Beefy Boxes and Bandwidth Generously Provided by pair Networks
Don't ask to ask, just ask
 
PerlMonks  

Re^5: Finding repeat sequences.

by BrowserUk (Pope)
on Jun 20, 2013 at 15:11 UTC ( #1039988=note: print w/ replies, xml ) Need Help??


in reply to Re^4: Finding repeat sequences.
in thread Finding repeat sequences.

You said: "I know which one I'd rather maintain,"; I asked: "I'm not sure why you think it would be any easier to maintain that the non-regex solutions?"; and you've explained in terms of: your preferences, assumptions, understanding, fears, preferences, views, thoughts, skill-set & bad memories.

There is no way to argue with any of that.

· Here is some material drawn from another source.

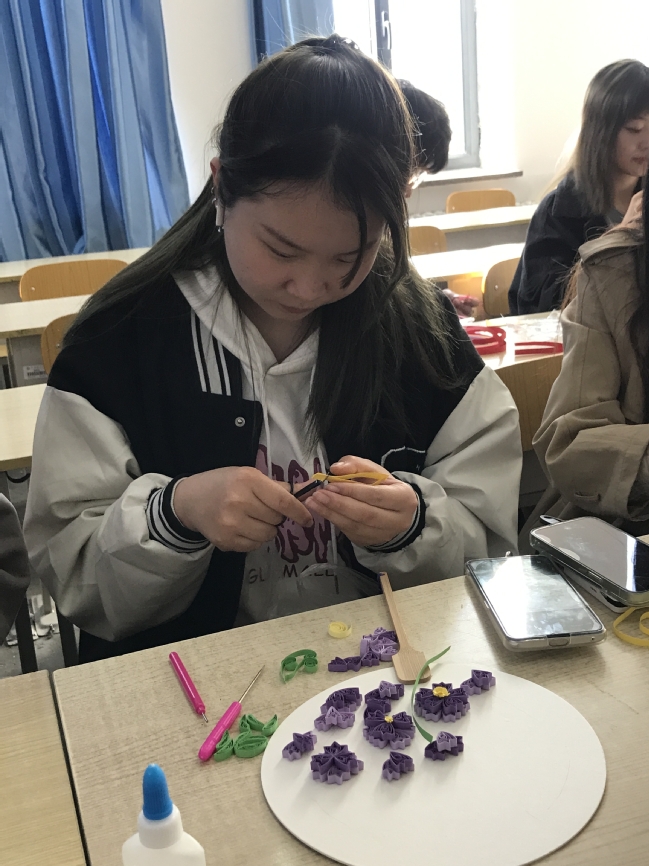 对于非艺术类专业学生而言,纸艺用材简便,制作容易,有较强的装饰效果,在《中国传统纸艺》课程中,学生通过运用剪、刻、折、卷、切等方法表现自己所熟悉或喜欢的形象,抒发情感、体验成功、获得愉悦和提升,感受了纸艺的力量和美,懂得了热爱生活,树立正确的唯物主义世界观、人生观、价值观。通过制作纸艺作品,了解了现代美术教育的多样化,培养额立体思维和操作能力,在春日的校园里,留下了别样的美好。

I cannot tell you what you should prefer, feel, think. etc.

The only vaguely arguable points are:

  • "... or to creep in when the code is subsequently updated."

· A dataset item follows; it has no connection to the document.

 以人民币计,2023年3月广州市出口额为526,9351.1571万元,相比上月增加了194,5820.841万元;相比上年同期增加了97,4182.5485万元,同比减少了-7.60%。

    Why would the code be updated.

  • "... future well-intentioned modifications could quietly break something."

    Why would anyone modify it, when it performs the required task as is.

  • "... when the current simple text processing task subsequently grows more complicated (which it inevitably will)."

    It isn't a "text processing task" per se. If you look at the source data for the third test of my performance tests, you'll see that the source data is actually very large bitstrings. The task is to reduce storage requirements by run-length encoding leading repeating sequences. This will not change.

  • "... I'd have to use perl -d to debug find_substring(). <shudder>"

    I added a couple of print statements and it told me everything I needed to know:

    hdb => sub { my $input = shift; my $length = length $$input; my $i = 0; my $possible; my $j; while( 1 ) { $possible = substr $$input, 0, ++$i; print "i: $i : l:", length $possible; $possible = substr $$input, 0, $i=$j if ($j = index $$input +, $possible, $i) > 0 ; print "i:$i j:$j : l:", length $possible; return $possible if substr( $$input, $i ) eq substr($$input +, 0, $length - $i); } },

    I actually print the value of $possible rather than the length, but that would be inappropriate to post.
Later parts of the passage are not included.